惣菜パンにはあまり種類がないと前に書きました。その考えを少し改めたいと思います。

「日本のパン屋さんで見られるハムマヨパンのような普通のパン生地の惣菜パンがないが、惣菜パンはある」

普通のパン生地じゃないなら何の生地か。それはパイ生地です。

 

その外見に、生まれてから今までの脳内パン記録データがちゃかちゃかと動き、「甘」を抽出してしまいますが、その総菜パイは「インドネシア風」でした。中にはサンバルなどで味付けした挽き肉が入っていました。

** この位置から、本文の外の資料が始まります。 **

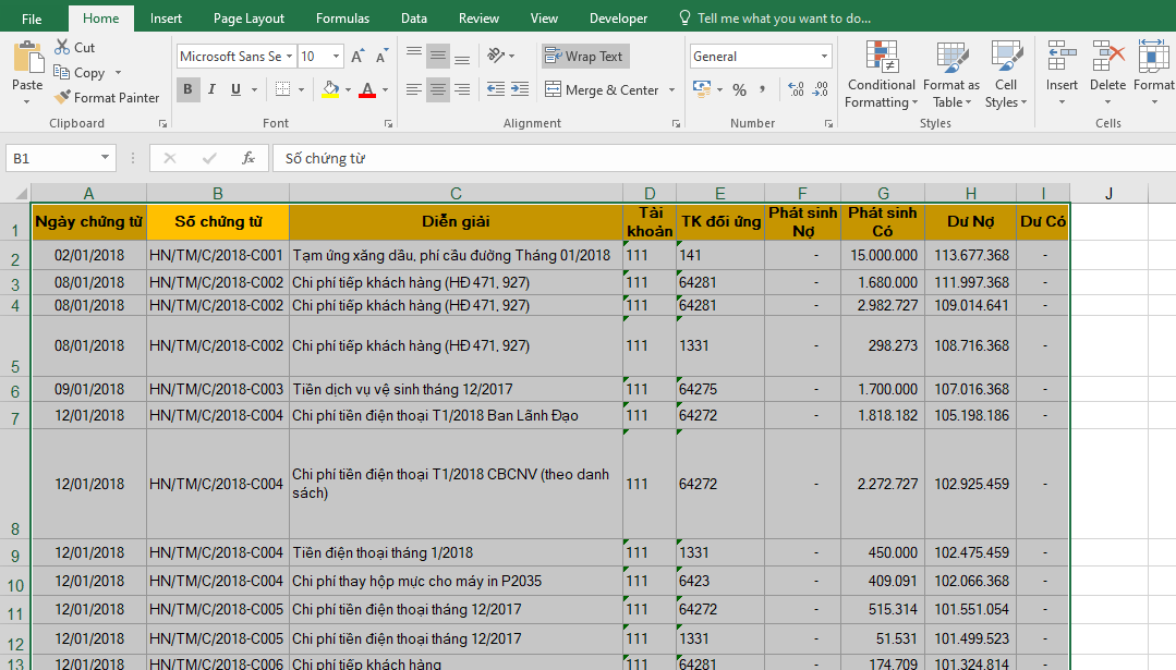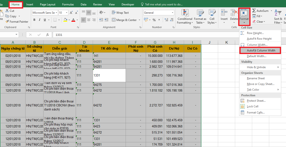 Để điều chỉnh độ rộng của cột, độ cao của hàng trong Excel phù hợp với độ dài dữ liệu trong ô một cách đẹp mắt, ta có thể thực hiện như sau:

パイはオランダ語でPastei。Pasteitjeだと小型のパイという意味になります。日本だとパイ生地はアップルパイとか、ベリー類がのっかったものとか、お菓子パンに多いと思うのですが、オランダではどちらかというと惣菜系パンに振り分けられるようです。1年いたイギリスでも、ペーストリーという名でパイ生地の大型の惣菜パンが各種売られていて、よくランチにしたものです。日本では唯一ミートパイくらいでしょうか。

”Pastei”で画像検索してみたところ形は違えども惣菜パンがずらずら出てきました。”パイ”で検索してみるとお菓子パンがずらずら。形は違えどもそのほとんどがアップルパイでした。パイ生地へのアプローチがまったく違うのは明らかです。オランダでは普通のパン生地を惣菜パンにする発想がないようで、日本では、パイ=甘いお菓子パンの固定概念が強すぎるようです。推測ですが、日本に初めて紹介されたパイはお菓子で、後に甘いものとして発展していったのではないでしょうか。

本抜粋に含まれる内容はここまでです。